Records for this task Block Start

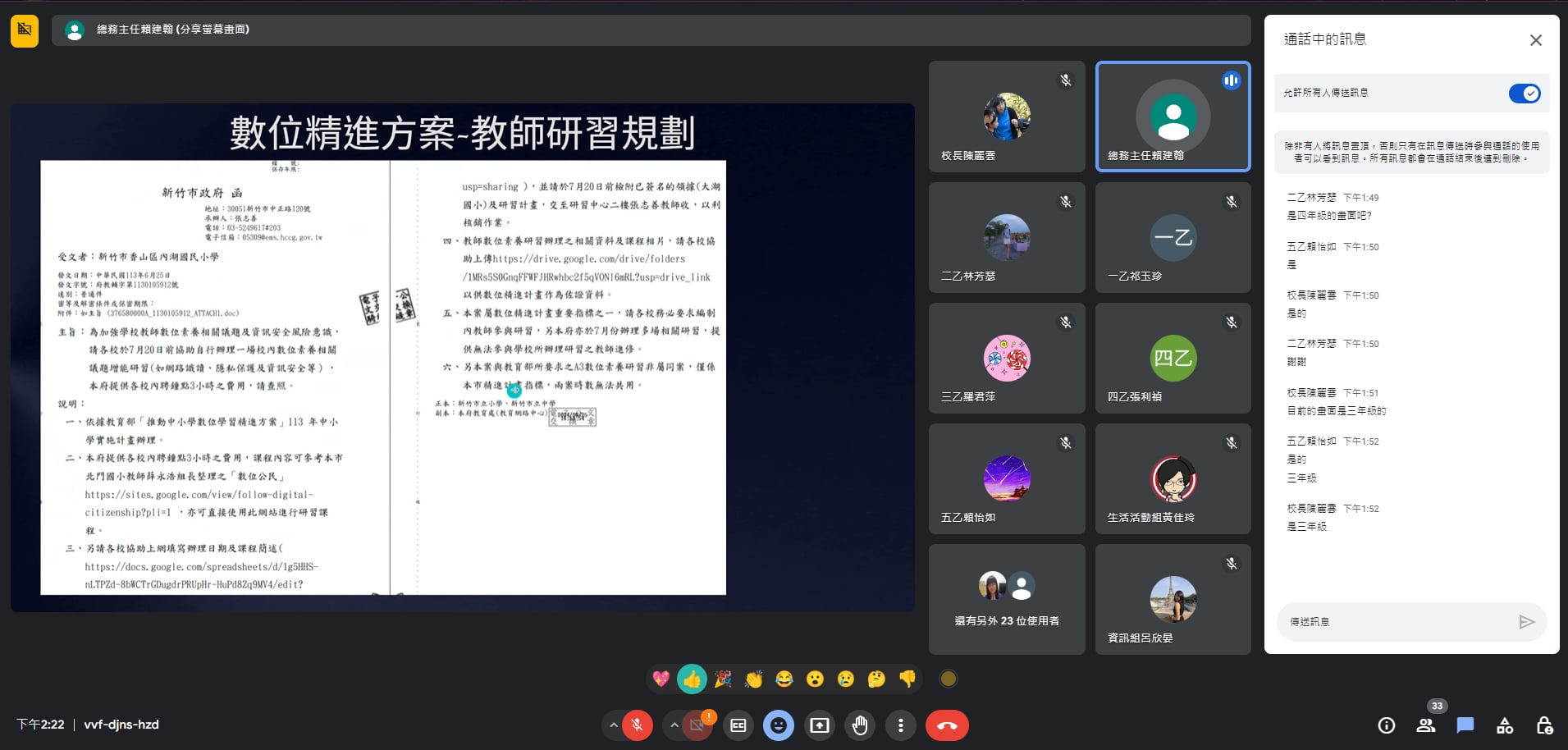 新竹市內湖國小於2024年7月4日成功舉辦「113年度數位素養議題教師增能研習」,此次活動依據新竹市政府補助計畫,旨在提升教職員對資通安全及數位素養的認知與能力。活動Google Meet線上進行。
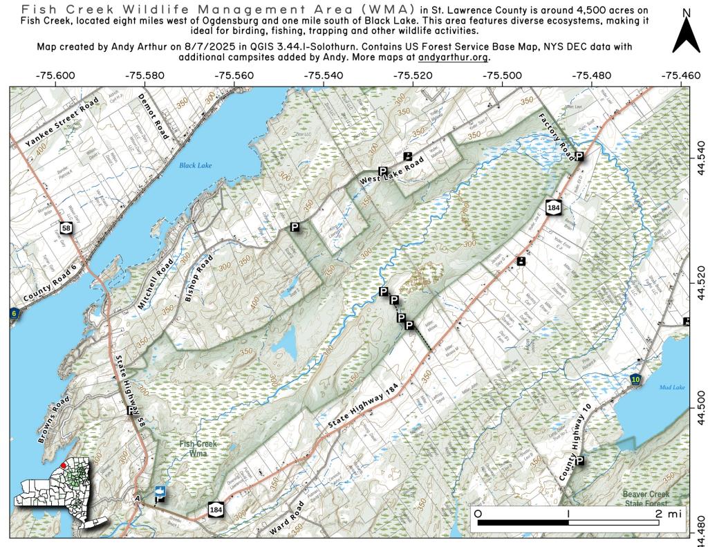 The Fish Creek Wildlife Management Area (WMA) is a 4,438-acre tract of land located in southwestern St. Lawrence County, eight miles west of the city of Ogdensburg and one mile south of Black Lake. There are 2,046 acre natural wetland which is primarily an emergent marsh whose water level is dependent on the many beaver dams on the Fish Creek drainage and 2,392 acres of upland most of which is forested. The emergent marsh is mainly cattail with flooded shrubs interspersed throughout the area. There is a hardwood swamp along the fringe of the emergent marsh. The upland portion contains approximately 1000 acres of softwood scattered throughout the area which deer use as wintering areas and 861 acres of young northern hardwoods that are being managed using commercial forest sales. There are 93 acres of open grassland maintained for ground nesting birds.
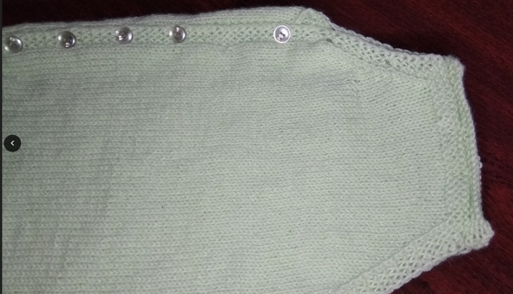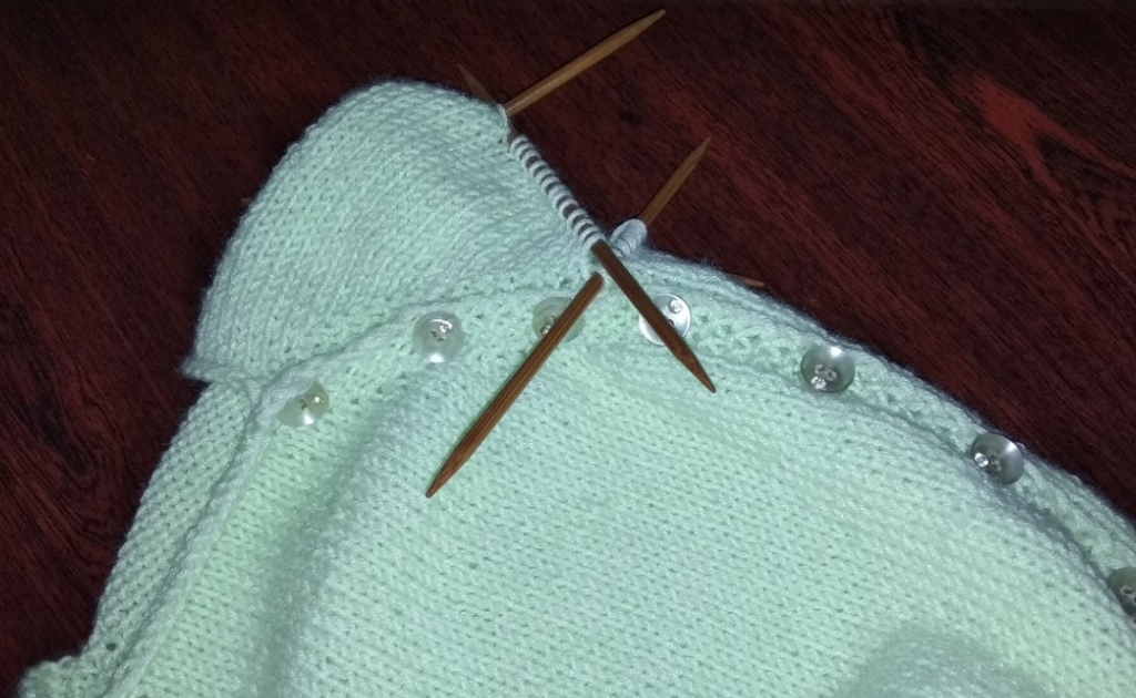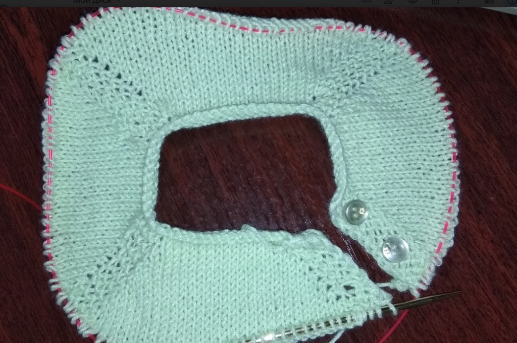 По правому краю (планка) не забывайте делать отверстия для пуговиц на равном расстоянии друг от друга. Если все же забыли, не беда. Такое частенько бывает, когда засмотришься на любимый сериал и вяжешь, не глядя. В этом случае спасут маленькие кнопки.
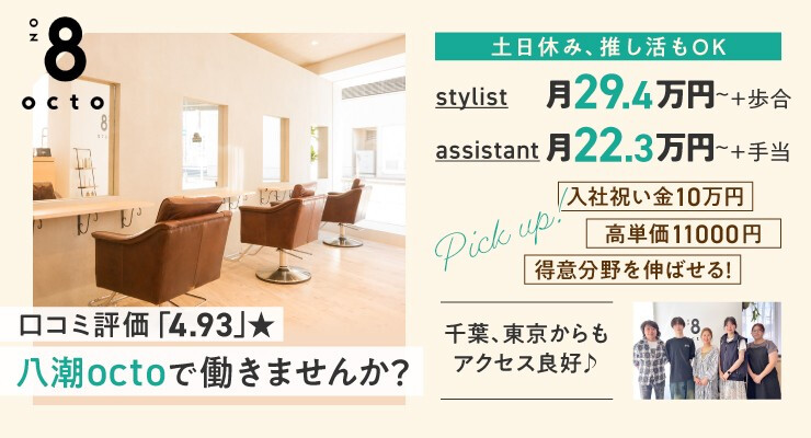 octoは高い技術力とアットホームな雰囲気のサロンです。
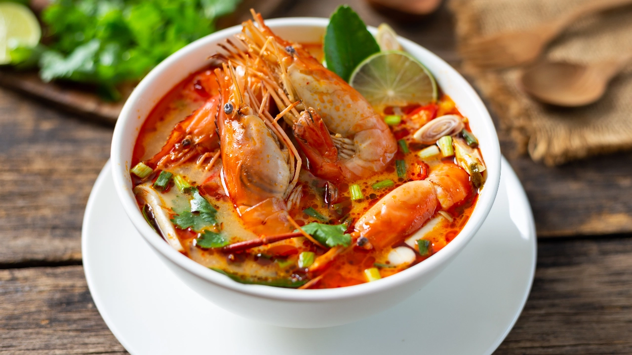ต้มยำกุ้งเป็นซุปที่มีรสชาติเผ็ดร้อน เปรี้ยว และมีกลิ่นหอมของเครื่องต้มยำ เช่น ตะไคร้ ใบมะกรูด ข่า และพริก นอกจากนี้ อาหารไทยอื่นๆ ที่ได้รับความนิยมและเป็นที่รู้จักในระดับนานาชาติ
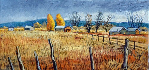 200 Small Paintings No. 101 – ALONG RANCHITOS (Taos, New Mexico) – New 6″x12″ Original Oil on Belgian Line, unframed – Sold
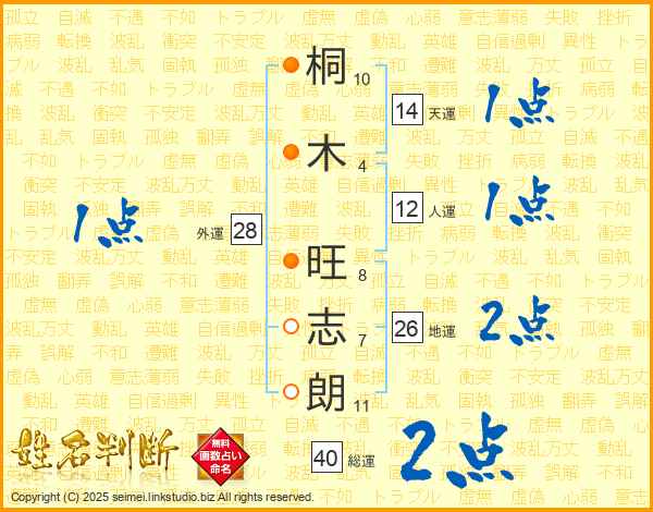 桐(10画)木(4画) 旺(8画)志(7画)朗(11画)
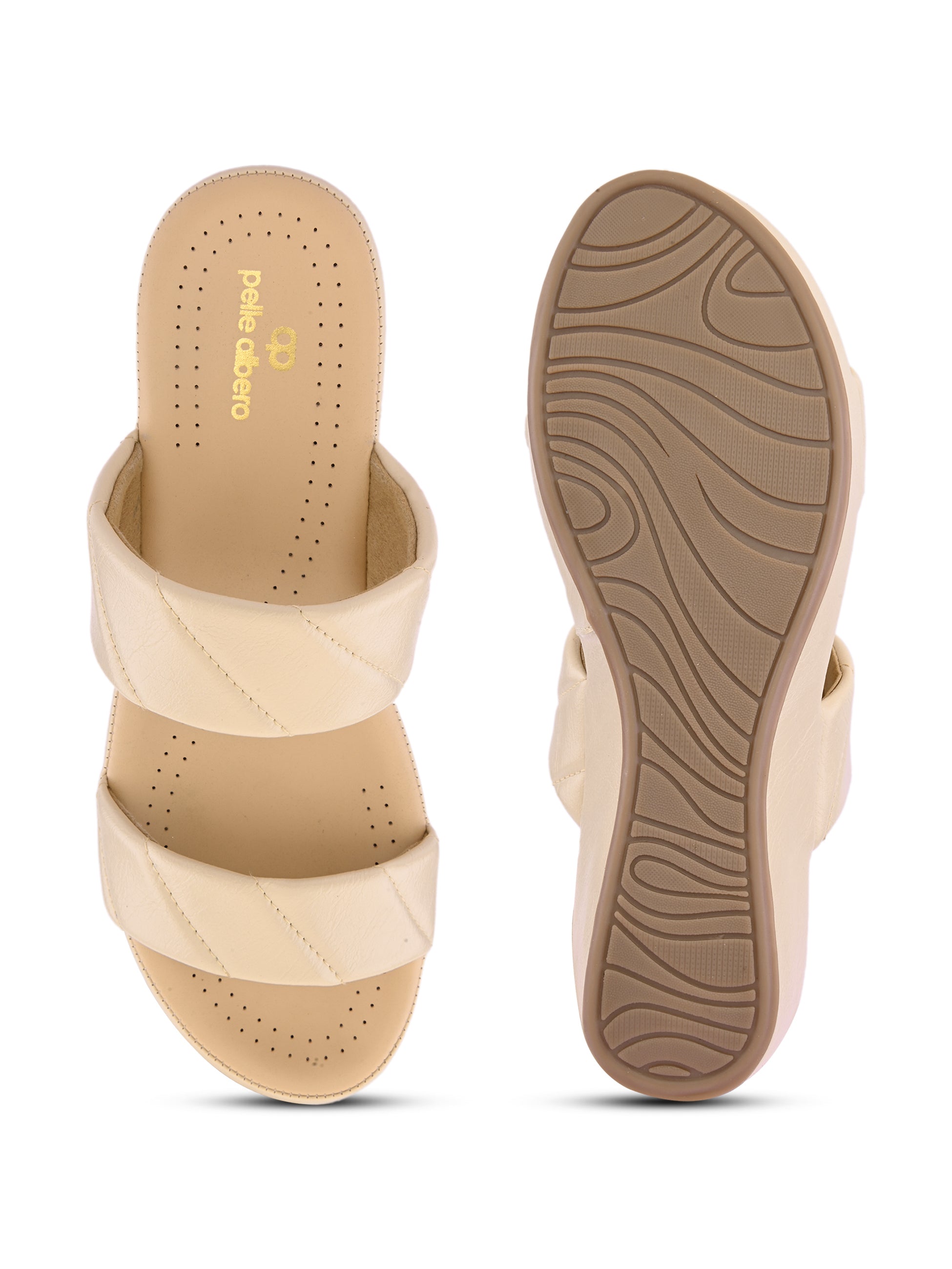 Pelle Albero Women Cream Colour Flat MaxComfort Sandals
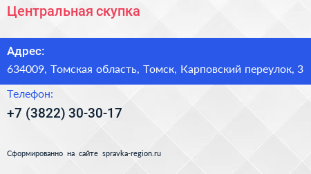 Центральная скупка по адресу 634009, Томская область, Томск, Карповский переулок, 3 в дальнейшем Организация, размещена в следующих категориях:
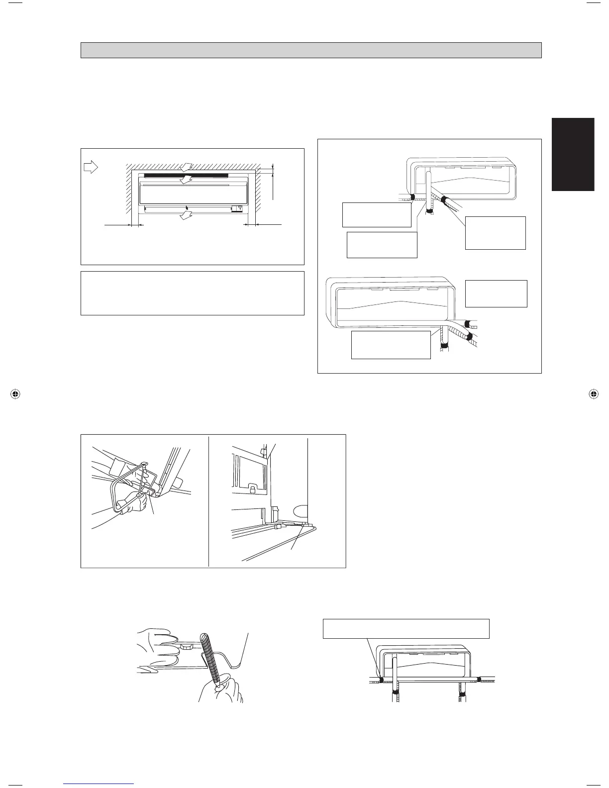Puis, insérez le tube d’évacuation et les tuyaux de réfrigérant dans le trou mural aprés les avoir inseres dans le trou de tuyauterie coupé ouver.
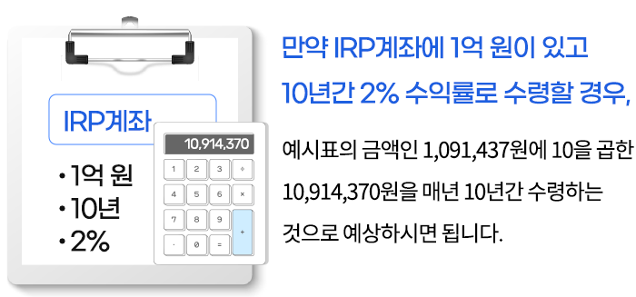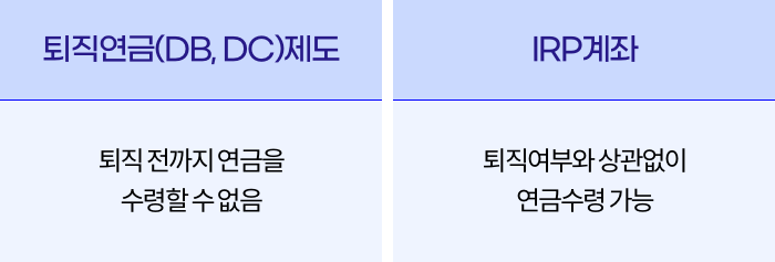 그러나 IRP계좌는 개인계좌이므로, 가입 기간이 5년 넘고, 55세가 되면 퇴직 여부와 상관없이 언제든지 연금수령을 선택하여 받을 수 있습니다.
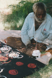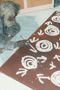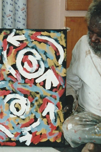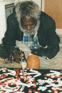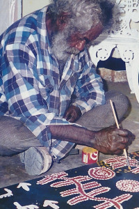 His final years were spent at Papunya with his wife Gladys Napanangka and his eight children. Johnny’s failing eyesight worsened considerably in the last stages of life, steadily reducing his artistic output. Johnny died on the 12th of February 2001, and will be sadly missed by all who knew him and admired his art.
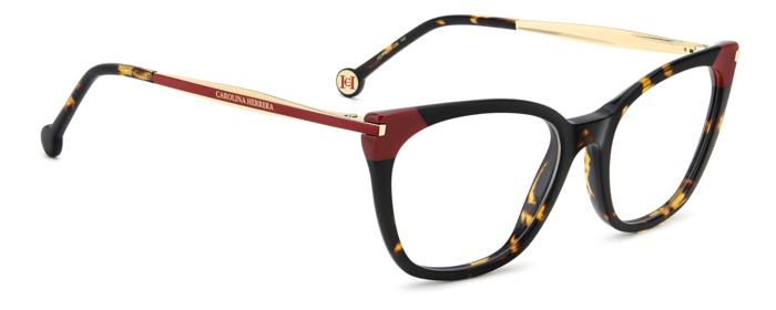 Carolina Herrera's Essential eyewear collection finds confidence in contrasts. A seamless fusion of acetate and metal, these optical glasses bridge timeless glamour with modern silhouettes. The elegant frame is given depth and dimension with unexpected inserts – available in tonal and contrasting shades – paired with faceted metal temples in an elliptical shape, creating intrigue through alternating textures. Complete with the laser-etched logo lettering and iconic CH monogram on the temple tips, they're a luxurious everyday choice.
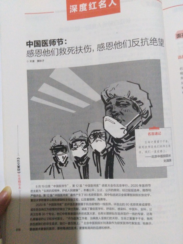 隸華因?yàn)檫@本書(shū)是隨記嘛,以前我看一本算是雜志類型的讀物,《作文素材》,里面有很多引人深思的故事和報(bào)告,所以有時(shí)候我也會(huì)在旁邊記一下我的想法,正好我最近找到了,就跟大家分享一下吧。
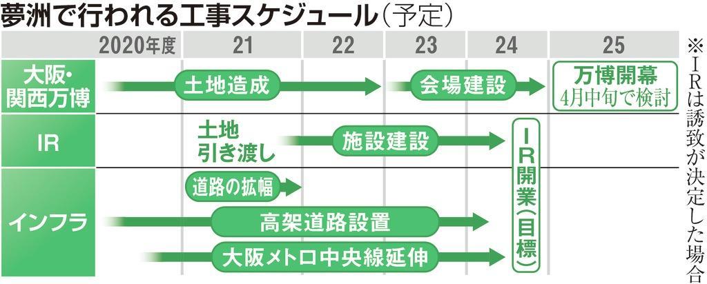 その区域認定のスケジュール自体がまだ明確になっておらず、再来年の2021(令和3)年7月以降としか定まっていない。吉村洋文知事も「21年秋に土地を引き渡してそこからトンカチ(工事)を始めるにしても、万博開幕までにどこまでできるか」と過密日程になるとの見通しを示す。

Records for this task Block End

Pictures excluded, repeat the records exactly from their opening line through the line containing "The Fish Creek Wildlife".

 新竹市內湖國小於2024年7月4日成功舉辦「113年度數位素養議題教師增能研習」,此次活動依據新竹市政府補助計畫,旨在提升教職員對資通安全及數位素養的認知與能力。活動Google Meet線上進行。
 The Fish Creek Wildlife Management Area (WMA) is a 4,438-acre tract of land located in southwestern St. Lawrence County, eight miles west of the city of Ogdensburg and one mile south of Black Lake. There are 2,046 acre natural wetland which is primarily an emergent marsh whose water level is dependent on the many beaver dams on the Fish Creek drainage and 2,392 acres of upland most of which is forested. The emergent marsh is mainly cattail with flooded shrubs interspersed throughout the area. There is a hardwood swamp along the fringe of the emergent marsh. The upland portion contains approximately 1000 acres of softwood scattered throughout the area which deer use as wintering areas and 861 acres of young northern hardwoods that are being managed using commercial forest sales. There are 93 acres of open grassland maintained for ground nesting birds.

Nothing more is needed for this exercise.